> _ACTIVITY_:
In the material below, the lines between the one holding "One lot of two" and the one holding "Hiekan värisessä pussilakanasetissä", inclusive, are to be set down word for word. Pictures stay out.

> _INPUT DATA_:
========
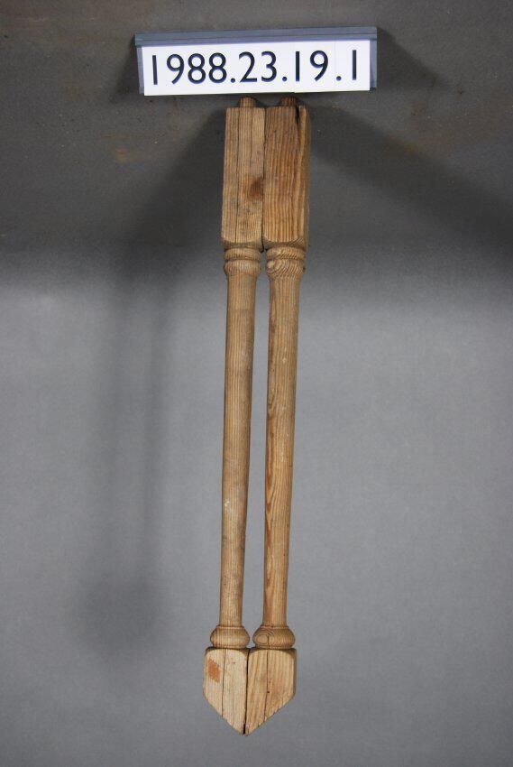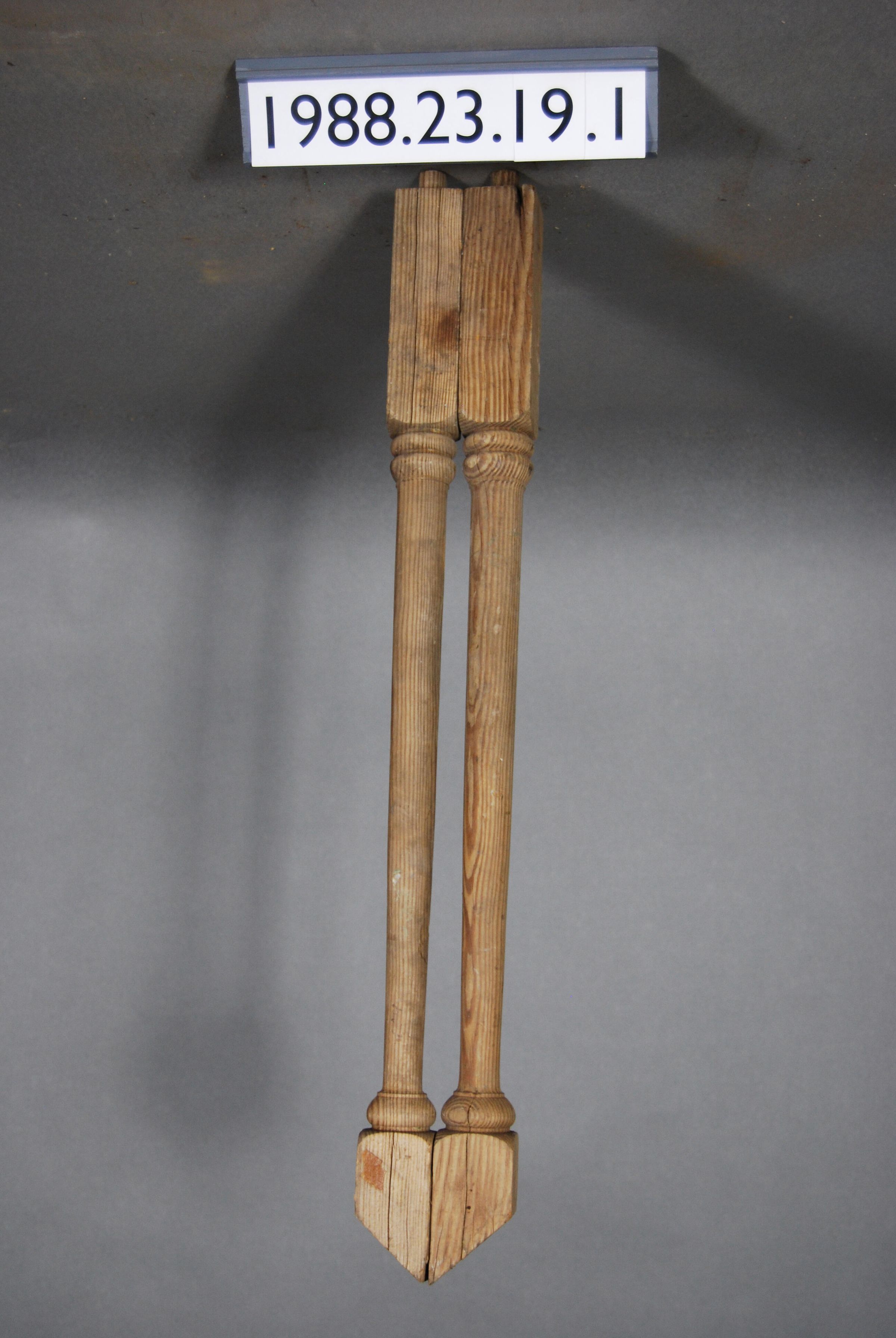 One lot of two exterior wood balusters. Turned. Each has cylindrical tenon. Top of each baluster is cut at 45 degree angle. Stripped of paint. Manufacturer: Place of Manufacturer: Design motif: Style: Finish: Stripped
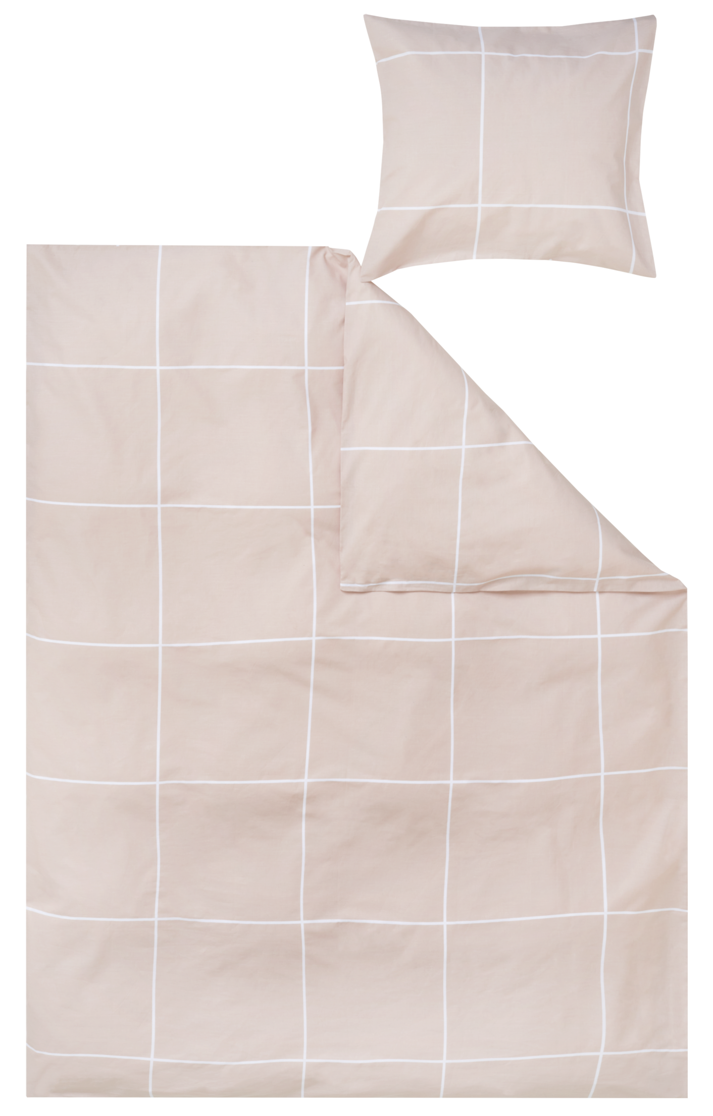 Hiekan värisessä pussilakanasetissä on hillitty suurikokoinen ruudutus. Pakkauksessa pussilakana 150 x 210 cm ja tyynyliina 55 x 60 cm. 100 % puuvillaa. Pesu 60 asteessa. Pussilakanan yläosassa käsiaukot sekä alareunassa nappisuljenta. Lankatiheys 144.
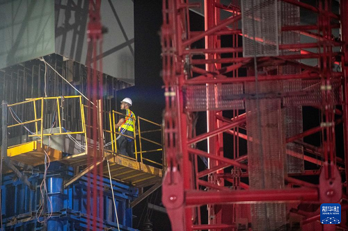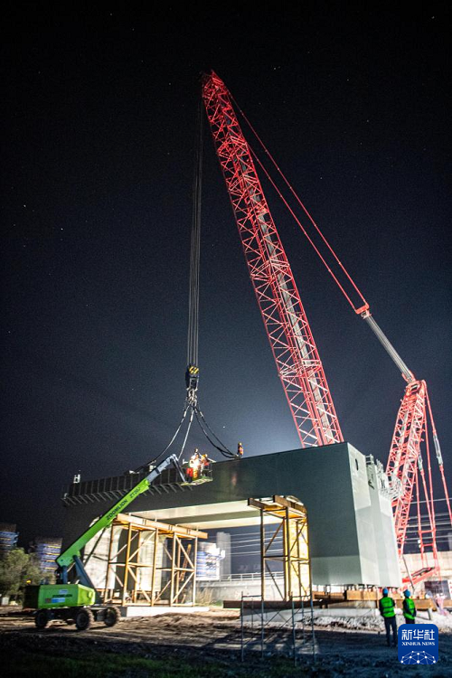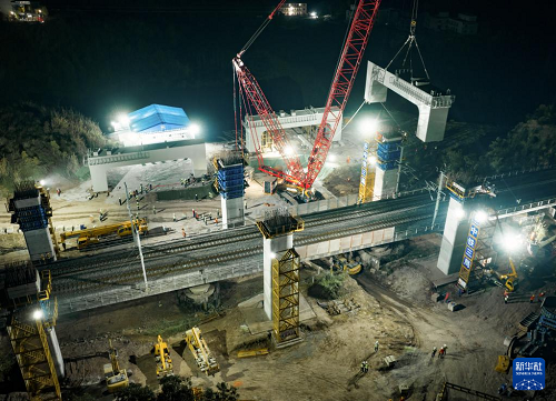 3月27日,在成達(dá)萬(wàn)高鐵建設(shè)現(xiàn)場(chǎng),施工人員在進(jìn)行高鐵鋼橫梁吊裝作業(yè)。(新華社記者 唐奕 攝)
========
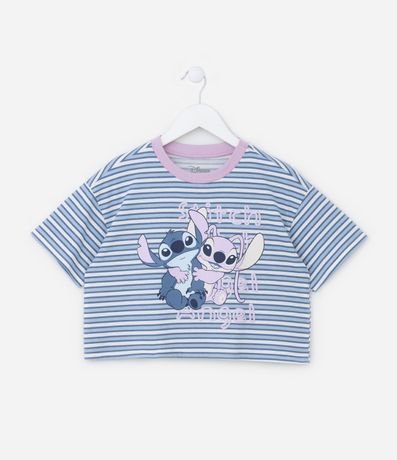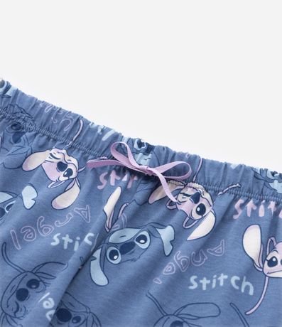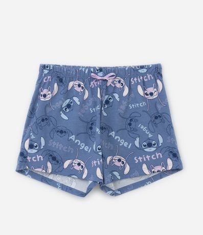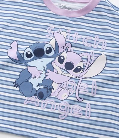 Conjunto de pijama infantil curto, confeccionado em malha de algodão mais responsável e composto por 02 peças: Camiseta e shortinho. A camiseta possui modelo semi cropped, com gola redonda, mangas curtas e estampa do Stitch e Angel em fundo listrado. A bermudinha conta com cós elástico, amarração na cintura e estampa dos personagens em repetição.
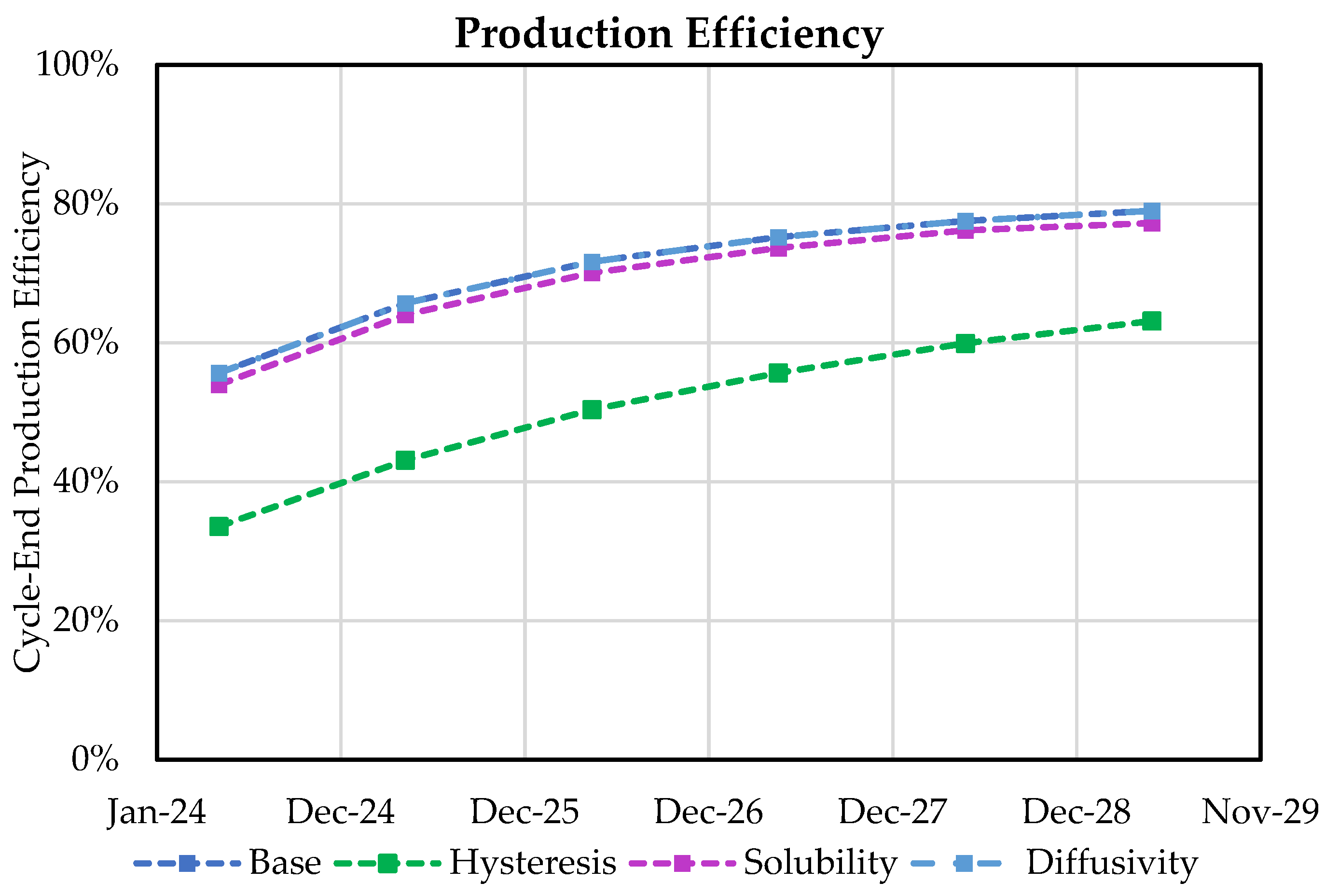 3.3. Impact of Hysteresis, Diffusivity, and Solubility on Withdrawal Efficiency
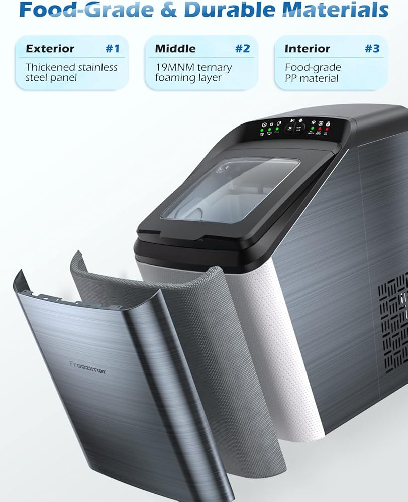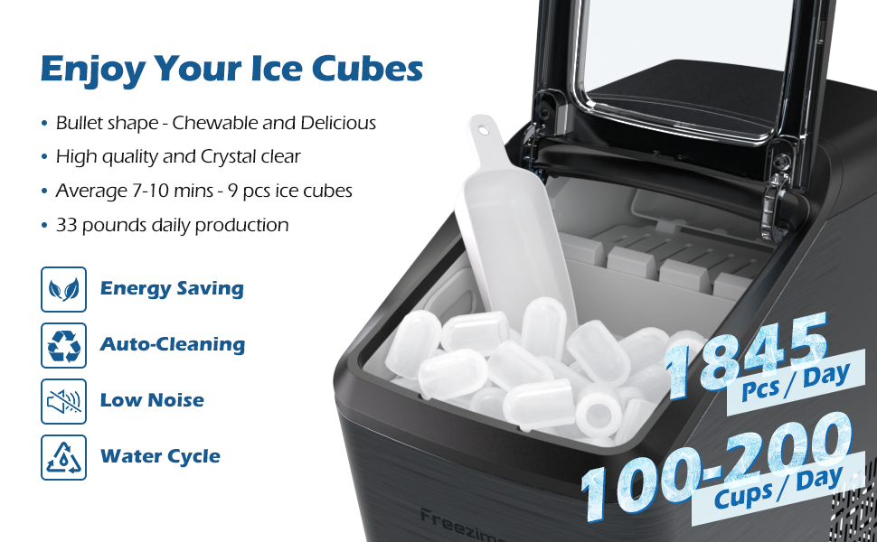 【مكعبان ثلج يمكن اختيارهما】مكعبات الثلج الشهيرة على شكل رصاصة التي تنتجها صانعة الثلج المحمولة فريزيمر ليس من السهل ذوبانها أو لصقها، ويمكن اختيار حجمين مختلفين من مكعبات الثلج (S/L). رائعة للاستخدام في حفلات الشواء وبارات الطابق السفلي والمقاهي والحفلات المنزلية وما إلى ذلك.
========
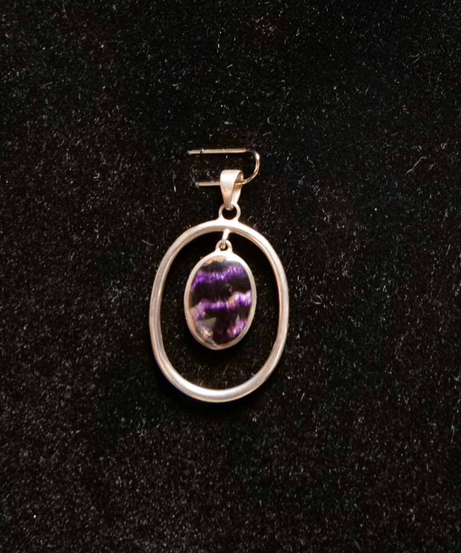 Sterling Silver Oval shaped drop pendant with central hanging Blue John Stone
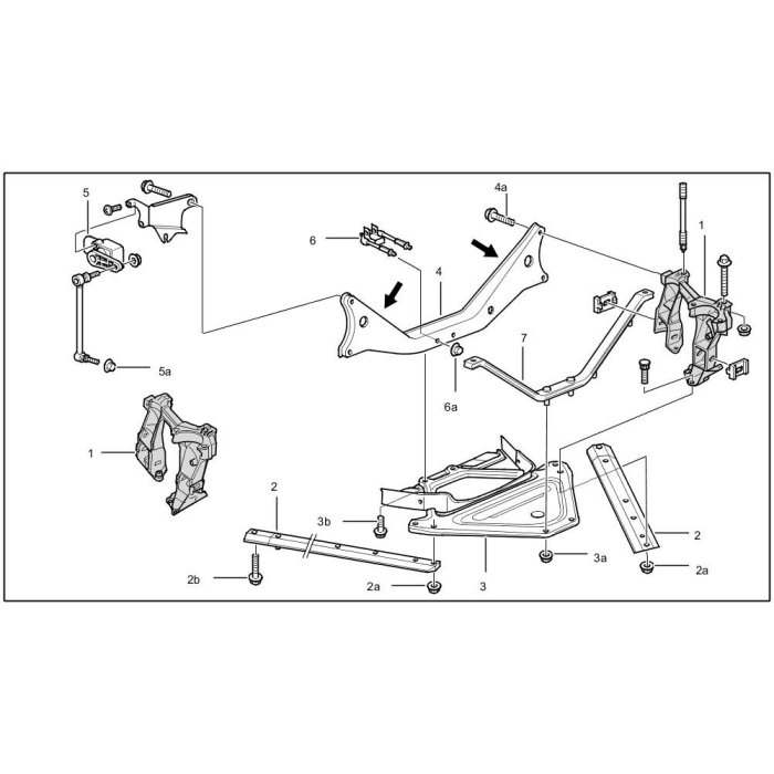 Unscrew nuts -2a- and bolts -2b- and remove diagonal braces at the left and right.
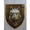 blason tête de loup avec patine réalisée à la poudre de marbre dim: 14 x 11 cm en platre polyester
========
> _COMPLETED TASK_:
 One lot of two exterior wood balusters. Turned. Each has cylindrical tenon. Top of each baluster is cut at 45 degree angle. Stripped of paint. Manufacturer: Place of Manufacturer: Design motif: Style: Finish: Stripped
 Hiekan värisessä pussilakanasetissä on hillitty suurikokoinen ruudutus. Pakkauksessa pussilakana 150 x 210 cm ja tyynyliina 55 x 60 cm. 100 % puuvillaa. Pesu 60 asteessa. Pussilakanan yläosassa käsiaukot sekä alareunassa nappisuljenta. Lankatiheys 144.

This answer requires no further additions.